What to produce - The whole listing, pictures aside, should be reproduced exactly.

*** The data ***

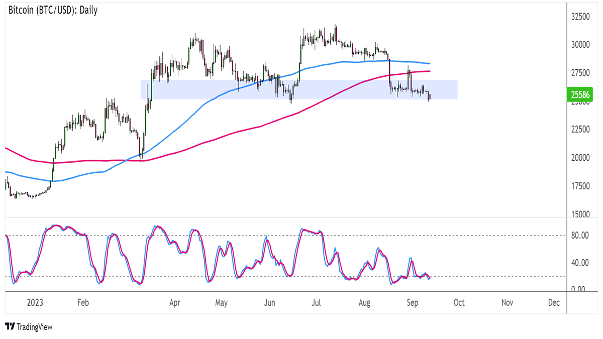 Bitcoin made a couple of failed attempts to bust through the ceiling near $32,500 recently, creating a double top pattern. Price is now down to the neckline at $25,500, and a break below support could confirm the reversal.
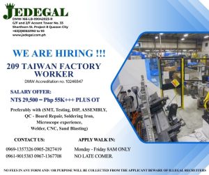 A new employment opportunity is now available for Filipino workers seeking to build careers abroad, as a Taiwan-based manufacturing company has officially opened its hiring for factory workers through a licensed Philippine recruitment agency.
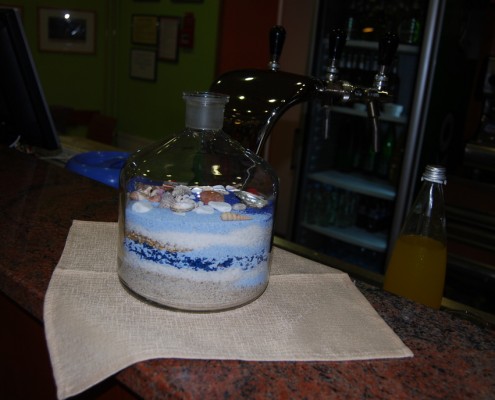 Ana in Anjel sta oblikovali še dekoracijo za pult v baru tako, da sta v večjo stekleno posodo izmenično vsipali mivko, sol in dekorativni granulat.

*** End of The data ***

Answer space -
 Bitcoin made a couple of failed attempts to bust through the ceiling near $32,500 recently, creating a double top pattern. Price is now down to the neckline at $25,500, and a break below support could confirm the reversal.
 A new employment opportunity is now available for Filipino workers seeking to build careers abroad, as a Taiwan-based manufacturing company has officially opened its hiring for factory workers through a licensed Philippine recruitment agency.
 Ana in Anjel sta oblikovali še dekoracijo za pult v baru tako, da sta v večjo stekleno posodo izmenično vsipali mivko, sol in dekorativni granulat.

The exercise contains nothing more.